[Work instructions] From the first line to the last, please print the entries exactly, omitting pictures.

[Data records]
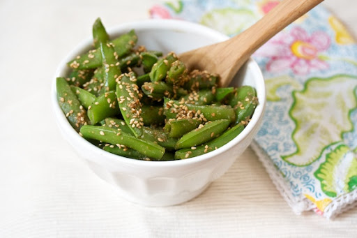 Place the sugar snaps in a medium bowl and toss with the dressing. This is best at room temp. You can make this a few days in advance and keep in the fridge and then just let come up to room temp before serving. Garnish with a few extra toasted sesame seeds.
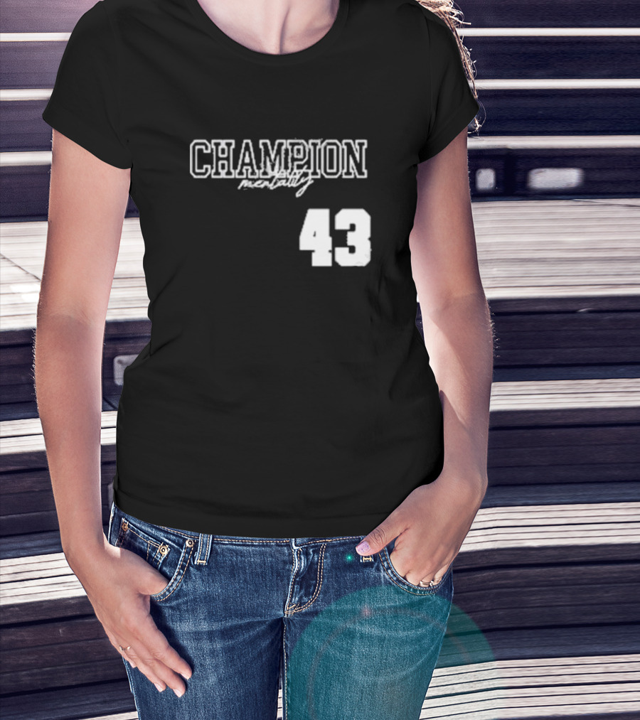 The Champion Mentality 43 T-shirt is designed for everyday wear and a consistent fit. Fabric is pre-shrunk ring-spun cotton with durable stitching. See the size chart below for exact measurements.
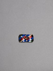 Fibbia a fermaglio da cintura, di forma composta. Corpo in metallo cromato, in due pezzi. Ciascuno esagonale leggermente convesso, con fascia esterna metallica liscia, decorato a riserve geometriche disposte a scacchiera irregolare, alcune lavorate a smalto a «basse taille» nei toni del verde, del rosso, dell'arancio e del turchese su fondo operato a rilievo, altre lavorate con smalto opaco blu, bianco e nero. Ganci in metallo cromato; quattro fori per fissare con viti i passanti. Sul retro della fibbia è presente la marcatura «MADE IN / CECHOSLOVAKIA».
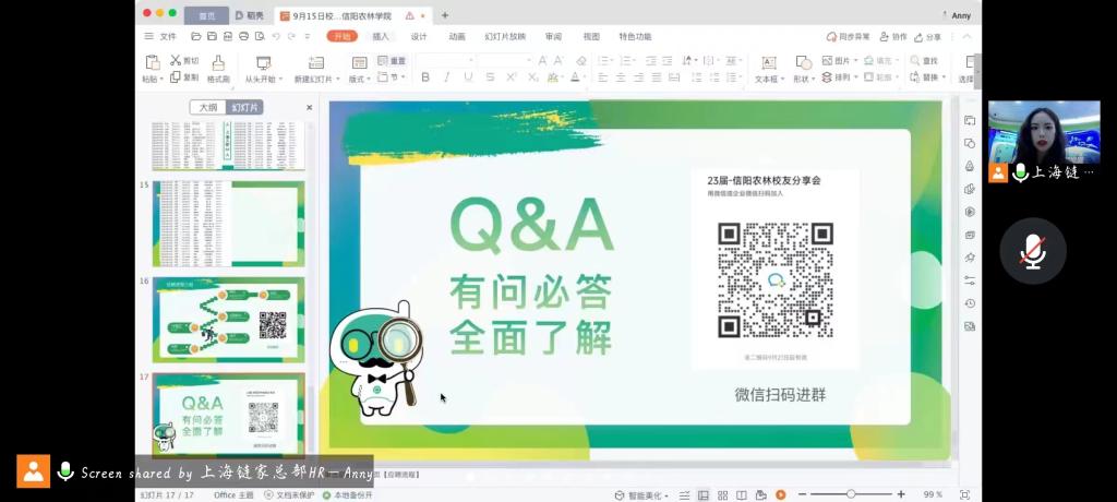 为让2023届毕业生能够在当今严峻的就业环境下乘风破浪,了解最新就业形势以便后期更顺利地就业。9月15日和9月16日下午,外国语学院结合就业指导课线上举办“上海链家——校友分享会”,双创中心谌昌强老师,外国语学院就业专员关迎雪老师以及2023届全体毕业生参加此次分享会。
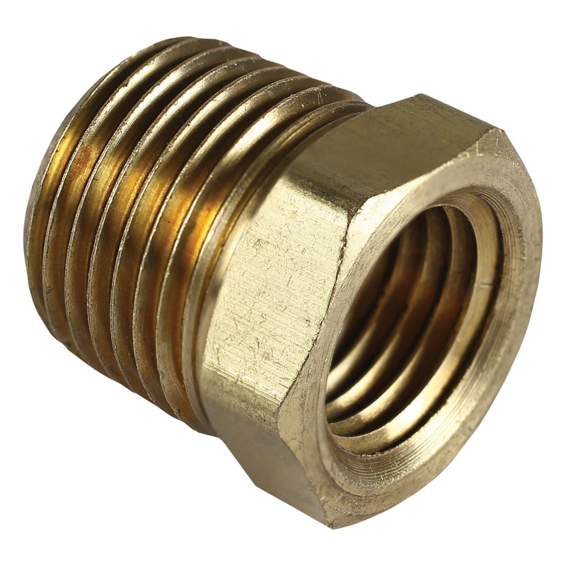 Reduces 3/8" Male to 1/4" Female connectors so that rental gun can be used on all stocked pressure washer units.
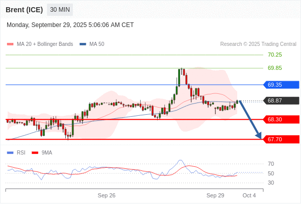 在 69.35 之下,看跌,目标价位为 68.30 ,然后为 67.70 。
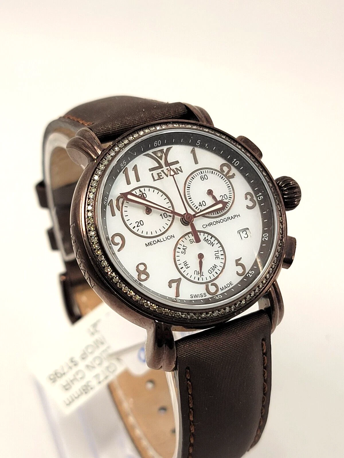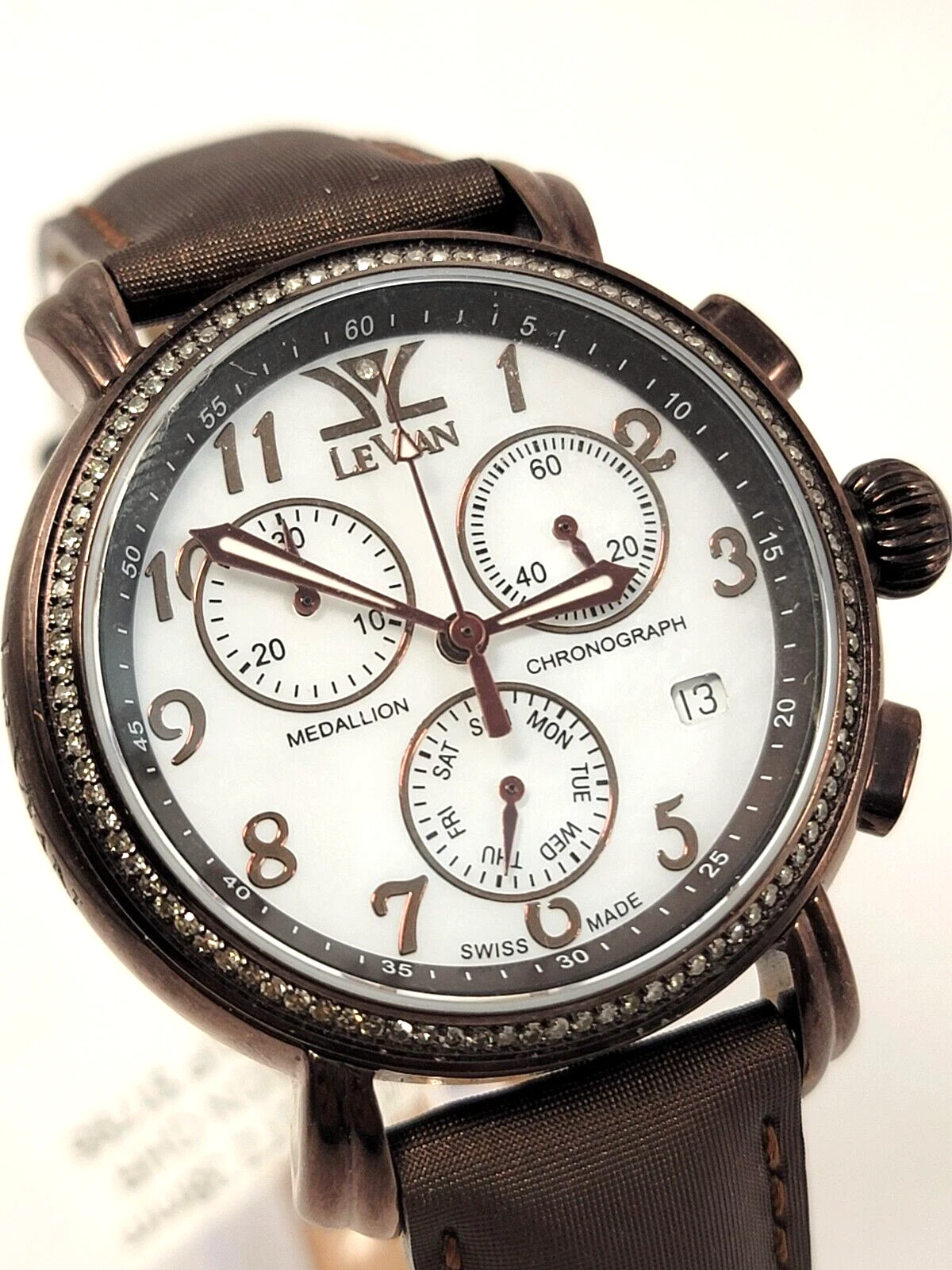LE VIAN $1795 CHOCOLATE DIAMONDS BROWN CHRONO MOP DIAL SWISS WATCH ZAG 221
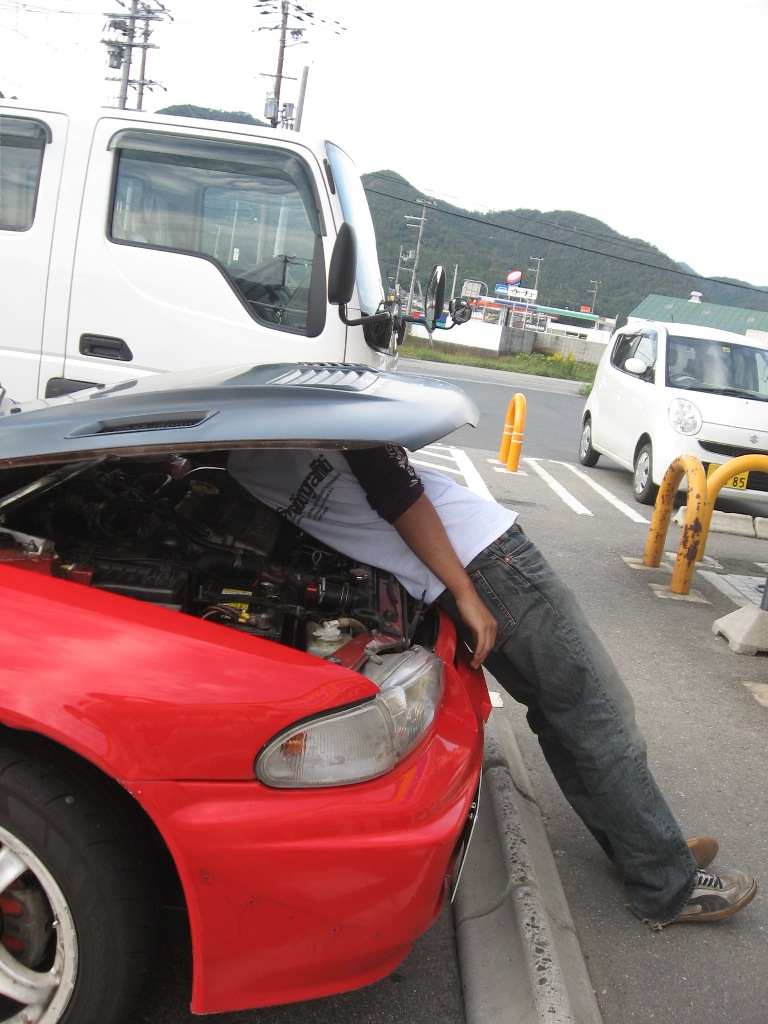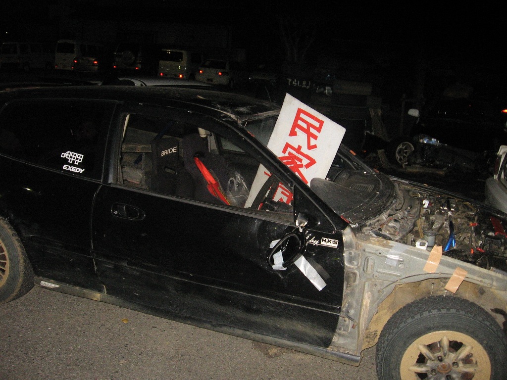 この車の前でお昼寝している天パの青年がkawamuraだ。「シビックいいっすね!」と先輩に言っておきながら、「やっぱFRに乗りたい」と、ヤフオクで13シルビアを買ってきた。愛媛出身でみかんカラーの車はウケがいいと思ったのであろう。大きな間違いである。ただ、七帝ではブライアンに眼をつけられることに成功したから良しとしよう。ターボがとてもパワフルな彼の車の得意技は「ロック刺し」。フェンダー、ボンネット、バンパーの色が変わり、周囲から「腐ったみかん」とよばれ、ちょっとかわいそう。当初は整備のたびにしんどそうな顔をしていたが、最近はみかんが腐るほど元気になるようで、刺した後のぎこちない空元気が、だんだんマジ元気になってきた。でもソノクルマ、彼女はなんて言ってるの?

[Response area]
 Place the sugar snaps in a medium bowl and toss with the dressing. This is best at room temp. You can make this a few days in advance and keep in the fridge and then just let come up to room temp before serving. Garnish with a few extra toasted sesame seeds.
 The Champion Mentality 43 T-shirt is designed for everyday wear and a consistent fit. Fabric is pre-shrunk ring-spun cotton with durable stitching. See the size chart below for exact measurements.
 Fibbia a fermaglio da cintura, di forma composta. Corpo in metallo cromato, in due pezzi. Ciascuno esagonale leggermente convesso, con fascia esterna metallica liscia, decorato a riserve geometriche disposte a scacchiera irregolare, alcune lavorate a smalto a «basse taille» nei toni del verde, del rosso, dell'arancio e del turchese su fondo operato a rilievo, altre lavorate con smalto opaco blu, bianco e nero. Ganci in metallo cromato; quattro fori per fissare con viti i passanti. Sul retro della fibbia è presente la marcatura «MADE IN / CECHOSLOVAKIA».
 为让2023届毕业生能够在当今严峻的就业环境下乘风破浪,了解最新就业形势以便后期更顺利地就业。9月15日和9月16日下午,外国语学院结合就业指导课线上举办“上海链家——校友分享会”,双创中心谌昌强老师,外国语学院就业专员关迎雪老师以及2023届全体毕业生参加此次分享会。
 Reduces 3/8" Male to 1/4" Female connectors so that rental gun can be used on all stocked pressure washer units.
 在 69.35 之下,看跌,目标价位为 68.30 ,然后为 67.70 。
LE VIAN $1795 CHOCOLATE DIAMONDS BROWN CHRONO MOP DIAL SWISS WATCH ZAG 221
 この車の前でお昼寝している天パの青年がkawamuraだ。「シビックいいっすね!」と先輩に言っておきながら、「やっぱFRに乗りたい」と、ヤフオクで13シルビアを買ってきた。愛媛出身でみかんカラーの車はウケがいいと思ったのであろう。大きな間違いである。ただ、七帝ではブライアンに眼をつけられることに成功したから良しとしよう。ターボがとてもパワフルな彼の車の得意技は「ロック刺し」。フェンダー、ボンネット、バンパーの色が変わり、周囲から「腐ったみかん」とよばれ、ちょっとかわいそう。当初は整備のたびにしんどそうな顔をしていたが、最近はみかんが腐るほど元気になるようで、刺した後のぎこちない空元気が、だんだんマジ元気になってきた。でもソノクルマ、彼女はなんて言ってるの?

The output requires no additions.